Le syndicat des copropriétaires a partiellement interjeté appel du jugement suivant déclaration du 11 janvier 2022.

Suivant déclaration d'appel complémentaire du 1er février 2022, le syndicat des copropriétaires a également interjeté appel sur la condamnation suivante, non reprise dans le dispositif du jugement rendu par le tribunal judiciaire de Vienne le 17 décembre dernier :

- condamné le syndicat des copropriétaires à payer 1.197,90 euros à M. [N] et Mme [M] à titre de dommages et intérêts relatifs au sinistre du dégât des eaux.

Le 14 février 2022, le syndicat des copropriétaires a délivré une assignation aux consorts [N] [M] afin de solliciter auprès du premier président de la cour d'appel de Grenoble la suspension de l'exécution provisoire.

Suivant ordonnance de référé rendue le 25 mai 2022, le premier président a rejeté cette demande et condamné le syndicat à payer 1.000 euros au titre de l'article 700 du code de procédure civile.

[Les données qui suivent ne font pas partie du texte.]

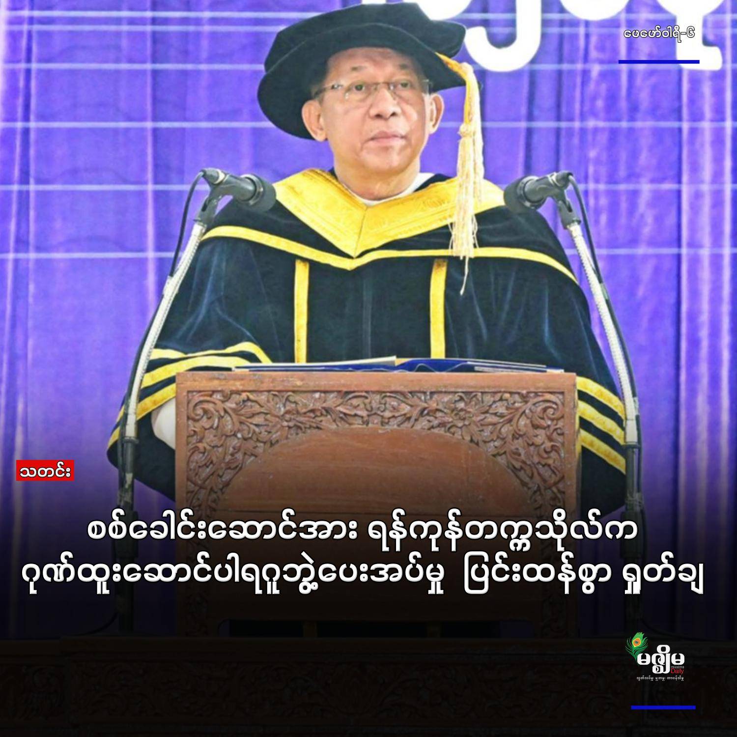 ဓါတ်ပုံ- အာဏာသိမ်း စစ်ခေါင်းဆောင် ဗိုလ်ချုပ်မှူးကြီး မင်းအောင်လှိုင်အား ဂုဏ်ထူးဆောင် ပါရဂူဘွဲ့ပေးအပ်မှုနှင့် ပတ်သက်ပြီး ပြင်းထန်စွာ ရှုတ်ချကြောင်း ရန်ကုန်တက္ကသိုလ် ကြားကာလတက္ကသိုလ်ကောင်စီ၊ ရန်ကုန်တက္က သိုလ်ဆရာ၊ ဆရာမများအသင်းနှင့် ရန်ကုန်တက္ကသိုလ်ကျောင်းသားများသမဂ္ဂ (ဗကသများအဖွဲ့ချုပ်) တို့က ယမန်နေ့ (ဖေဖော်ဝါရီ ၅)က ပူးတွဲသဘောထားထုတ်ပြန်သည်။

Dans ses conclusions notifiées le 14 avril 2025, le syndicat des copropriétaires [Adresse 2] représenté par son syndic en exercice la société Foncia [Localité 8] demande à la cour de :

Vu les dispositions des articles 78, 38, 760, 761 et 90 du code de procédure civile,

Vu la jurisprudence citée,

Vu les pièces versées aux débats,

- confirmer le jugement rendu en ce qu'il a condamné Madame [I] [M] et Monsieur [H] [N] à payer solidairement au syndicat des copropriétaires de l'immeuble « [Adresse 2] », la somme de 6.400,74 euros de charges de copropriété selon décompte arrêté au 14 octobre 2021.

- actualiser la condamnation de Madame [I] [M] et Monsieur [H] [N] à payer solidairement au syndicat des copropriétaires de l'immeuble « [Adresse 2] », la somme de 5.808,62 euros au titre des charges de copropriété impayées sur la période du 1 er juillet 2017 au 1 er avril 2025 (répartition des comptes sur 2022/2023 neutralisée car rejetée en assemblée générale) selon décompte arrêté au 1 er avril 2025.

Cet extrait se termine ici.